Cold as Ice - Anne Stuart [102]
He looked at the unpleasant children. Not that he tended to like children in general, except the very pretty ones who didn’t cry too much when he touched them. They never seemed to respond to his famous Van Dorn charm. It was almost as if they could see through him, past the smiles and the jokes.
Dogs didn’t like him either. Maybe dogs and kids were smarter than the rest. Or maybe he just didn’t care enough to try to fool them. Either way, the handful of scrawny, ugly kids were looking at him with deep distrust.
“I’m a man of many charities,” he continued. “This here is an important one to me—looking after dying kids, trying to make their last few months on earth a little brighter.”
The camera moved, panning the children’s faces. He didn’t know children well enough to guess how old they were—probably all under twelve—which made them even more pathetic. Heart-wrenching, to the right people.
“Now, we’d hate to have anything happen to these kids, but the roads up in the mountains can be very treacherous, and there aren’t even guardrails in some places. The van they’re driving in could go over the edge if someone isn’t careful, and I like to think of myself as a very careful man.”
He half expected the kids to start weeping and wail- ing at that veiled threat, but none of them even blinked, the stoic little bastards.

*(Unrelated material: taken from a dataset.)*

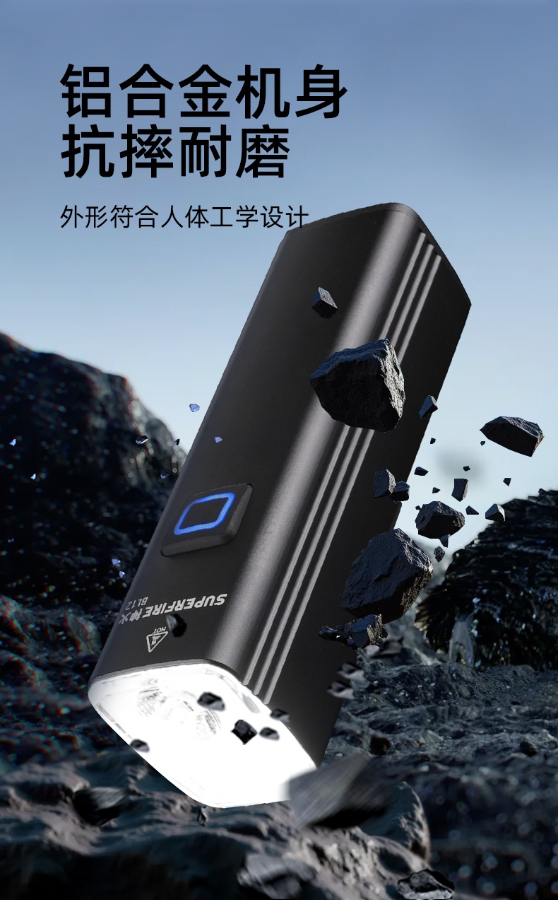 聚光主燈 亮度隨心 輕按后端開關按鈕,主燈強光點亮,續按依次切換主燈工作光-爆閃光。主燈開啟狀態下長按5秒,可實現光源色溫轉換。主燈關閉狀態下長按5秒,可開啟燈具最亮照明模式。 爆亮強光 亮如白晝 1500LM大功率高亮光源,點亮頃刻如白晝

“I have to admit my pride is wounded. And it really burns my hide to think I have to let go of everything I’ve worked for. But I will, no fuss, no ugly publicity, I’ll just slink back and keep giving my money away to hopeless causes and you won’t need to worry. But I need one thing, and if I don’t get it, these children aren’t going to be happy. Accidents are bad enough. Burning to death’s a sight worse—real painful, I’ve heard. And if a van goes over a cliff somewhere up in the mountains there’s a good chance it’ll catch fire just in case there are survivors. I always carry extra fuel in my vans, just in case I need it.” He smiled at the camera, feeling very benevolent.
“So I’m taking these children up to my place in Lake Arrowhead, and don’t make the mistake of thinking you can get there first. It’s an armed fortress, and anyone who tries to get in will blow themselves to kingdom come. Oh, and you may not know which place I’m talking about—I own a number of properties around Lake Arrowhead and Big Bear, most of them so tied up in dummy corporations that it’ll take you too long to guess which one.

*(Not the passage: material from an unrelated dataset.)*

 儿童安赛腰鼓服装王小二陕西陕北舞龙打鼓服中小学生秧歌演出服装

“So here are the details you’ve been waiting for, Ms. Lambert. We’ll have a little trade. You bring Ms. Genevieve Spenser, Esquire, back to me and I’ll hand off the children, clean and neat. Now, why would I want Ms. Spenser, you ask yourself? Because I’ve already killed every motherfucker who tried to mess with me on this, and she’s the only one still walking around. And I don’t like that. It’s kinda salt in the wound, you know what I mean?
“I will kill her—don’t try to fool yourself into thinking otherwise. The Rule of Seven is just going to have to be the pissant Rule of One, and I don’t like it, I can tell you that. So you have your choice. Half a dozen little brats who are going to die anyway, or one less lawyer in the world. You know that old joke—‘What do you call a hundred lawyers at the bottom of the ocean?’— ‘a good start’? I know what your choice is going to be, because you really don’t have any choice at all. I’ll let you know where the trade-off is going to be.”
His cameraman was well trained—he knew a closing line when he heard it and he shut off the camera, the bright klieg lights going out.
“You’ll get that where it needs to go? Find out where the she-wolf that runs them has gotten to, and get an answer. You understand?” he said. It was a foolish question—they all knew what would happen if they failed him, and Takashi’s unfortunate death had been a recent reminder.
There was an absolute jumble of hurried reassurances, and Harry flashed them all his brilliant smile before turning to the ugly little children.